Experiments and analysis

This study compares the PR-LFM algorithm with the traditional community partitioning algorithm to verify the reliability of the proposed algorithm in small-scale network partitioning. Subsequently, it performs community partitioning based on the real cyberspace router topology data. Experiments demonstrate that the proposed algorithm can retain the real structure of the community better when partitioning the data of large-scale network resources, which can help us better explore the internal connections.

Validation of the PR-LFM algorithm’s reliability

To verify the reliability of the PR-LFM algorithm and ascertain its practical value, the Q, NMI, and time of the PR-LFM algorithm are compared with those of other non-overlapping community detection algorithms, such as the GN, Louvain, Infomap, and LPA algorithms. These community detection tests were performed on the classic Karate⁴⁹, Dolphins⁵⁰, Lesmis⁵¹, Polbooks⁵², and small scale real router networks. The details of these classic networks are presented in Table 2, and the router network information is shown in Table 3.

Table 2 Classic networks.

Full size table

Table 3 Features of router networks.

Full size table

The Karate network comprises members of a karate club⁴⁹. Our proposed algorithm partitioned this network into four communities and found one overlapping node. The Dolphin network, constructed by Lusseau et al. in New Zealand, models the habits of bottle-nosed dolphins⁵⁰. Our algorithm partitioned this network into seven communities, identifying four overlapping nodes. The Lesmis network represents interactions among characters in Victor Hugo's "Les Misérables."⁵¹ This network was partitioned into four communities, with 12 overlapping nodes. The Polbooks network was constructed by analyzing the political leanings of purchasers of American political books in the Amazon online bookstore⁵². This network was partitioned into three communities, with three overlapping nodes. Finally, the overlapping nodes were retained in the community for which they had the highest PR value, as shown in Fig. 6.

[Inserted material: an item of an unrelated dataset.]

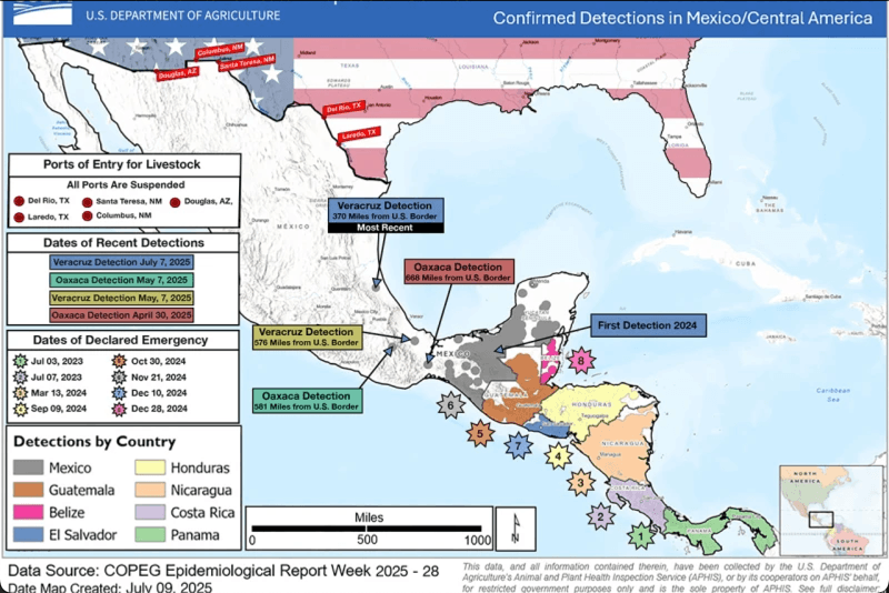 Screwworms have been moving north from Central America through Mexico since 2023, with a new case identified in July about 400 miles south of the U.S. border in Veracruz. The U.S. Department of Agriculture's (USDA) response was to shut down cross-border activity of cattle ports of entry into the U.S. to mitigate the biosecurity threat.
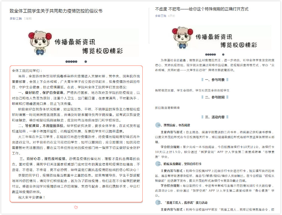 战“疫”有方,网络宣传有实效。疫情防控的关键时期,网络成为连接师生的主渠道,工院学工人依托网络传播正能量,变疫情“危机”为教育“契机”,引导学生不信谣、不传谣,号召学生听党话、跟党走。学工部“多彩工院”公众号上《防控疫情承诺书》给全体工院学子吹响了“疫情防控从我做起”的集结号,“众志成城、共克时艰——大学生在行动网络主题教育活动”号召同学们不虚度、不肥宅,丰富了同学们的假期生活。各系也积极开展各具特色的线上活动:经济贸易系开辟“共抗疫情经贸力行”板块,积极宣传投入到抗疫一线的工院志愿者先进事迹;智能制造学院、汽车工程系开展了“新型冠状病毒知识问答”线上答题活动;环境与化学工程系学子为武汉送上了手写的祝福,用文字的力量为武汉加油;建筑工程系发动“咏经诵典、为爱发声”线上征集活动,以诗歌力量向逆行者致敬;材料工程系开展“停课不停学”学习打卡,用奋发图强投身实际“抗疫”……工商管理系何晓卉老师、计算机技术系陈思老师、汽车工程系李倩老师、环境与化学工程系孟熙扬老师等越来越多的辅导员依托网文开出“抗疫心处方”为同学们释疑解惑、传播正能量,引导学生传播真知,坚定抗疫信心。

To evaluate the reliability of the algorithm, the Q and NMI of the PR-LFM algorithm on said classic networks were compared to those of other non-overlapping community detection algorithms, as shown in Table 4. It can be observed that the PR-LFM algorithm produces results that are comparable with those of conventional non-overlapping community partitioning algorithms in the aforementioned classic networks. In terms of Q, the PR-LFM algorithm is the best performer on the Karate network, with Q = 0.4156. Furthermore, the Q values of the PR-LFM algorithm for the Dolphin network and the Polbooks network are higher than those of the Infomap and LPA algorithms. In terms of NMI, the PR-LFM algorithm is the best performer on the Polbooks network, with NMI = 0.55657. Moreover, the NMI of the PR-LFM algorithm on other networks is comparable to those of the conventional algorithms.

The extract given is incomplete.